The real tower of Babel
In Genesis Moses wrote of a people unwilling to spread over and populate the world. They said, “Let us stay in one place and build a tower that reaches to the heavens.” Unfortunately even scattered people build towers. The towers they build are of their sins. The voice from heaven said that their sins have heaped up as high as the heaven. God scattered the people at Babel and he will scatter the people who make such heaps of sins.
God remembers these blights and that memory does not accrue well. That is part of why he tells his own people to come out and be separate. They will be corrupted and they will share in the punishment.
Should we make our own little Christian commune?

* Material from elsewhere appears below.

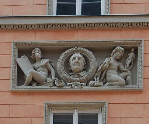So kommt es, dass man, am Schadowhaus vorbeigehend, berühmte Leitsterne der klassischen Antike und der italienischen Renaissance wie Perikles, Alexander der Große, Michelangelo, Raphael, Bramante und sowie zu dem auf einem Thron sitzenden Papst Julius II. sieht, der zu den großen Mäzenen des 16. Jahrhunderts gehörte und Auftraggeber der Peterskirche in Rom war. In der Mitte der in hellem Ockerton gestrichenen Hausfassade schaut Schadow, von seinem Bildhauerkollegen Hermann Schievelbein modelliert, freundlich auf die Passanten herab. Eine Tafel erinnert daran, dass der Direktor der Berliner Akademie der Künste hier gelebt und gearbeitet hat.

What does the word from heaven mean to us in the early 21st Century? How do I, how do we in our era “come out” of the world? From all I can gather from my own reading of the scripture, prayers, watching life happen in my family and my church I see no suggestion that the Christian should be running for the hills, extricating themselves from any involvement with non-Christian humanity. There have been experiments like this, and they have their own serious difficulties for the hungers and flaws are carried with those who are coming out of the world.
For us in the 21st Century I think we do best to live where God has placed us. We need to come out of those influences which are ungodly. We need to be salt and light to the segments of the world that we are coupled to. We are not in the end times as the book of Revelation has been accounting to us. Are we near them? Perhaps, but that, too, God will make clear to those of his who are plodding through that terrible era.
Don’t skip church!
So we would do well to participate in the local church. Reading our Bibles and praying, watching church on TV is not enough. The local Christian community is a God-gift that is useful for our own maturity and God’s glory. Of course there are situations within our churches that we chafe at, but we should be there being salt and light to the maturity of that community as well.

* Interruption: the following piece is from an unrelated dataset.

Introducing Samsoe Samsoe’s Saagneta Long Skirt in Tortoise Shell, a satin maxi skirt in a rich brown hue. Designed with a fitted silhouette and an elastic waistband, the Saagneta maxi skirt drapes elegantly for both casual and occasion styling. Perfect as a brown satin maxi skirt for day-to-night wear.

On that day of the week that we gather together in a manner we are coming out of the world. God called us to these things. Our tendency is to live, “I don’t like it so it must be bad,” or, ” I don’t like it so it is not important,” or try this, “It is difficult and I don’t understand it so I will skip it.” We would do well to believe: “It must be good if God said it.” From that vantage point go, be, live, do among the Christian community and let the chips fall where they may.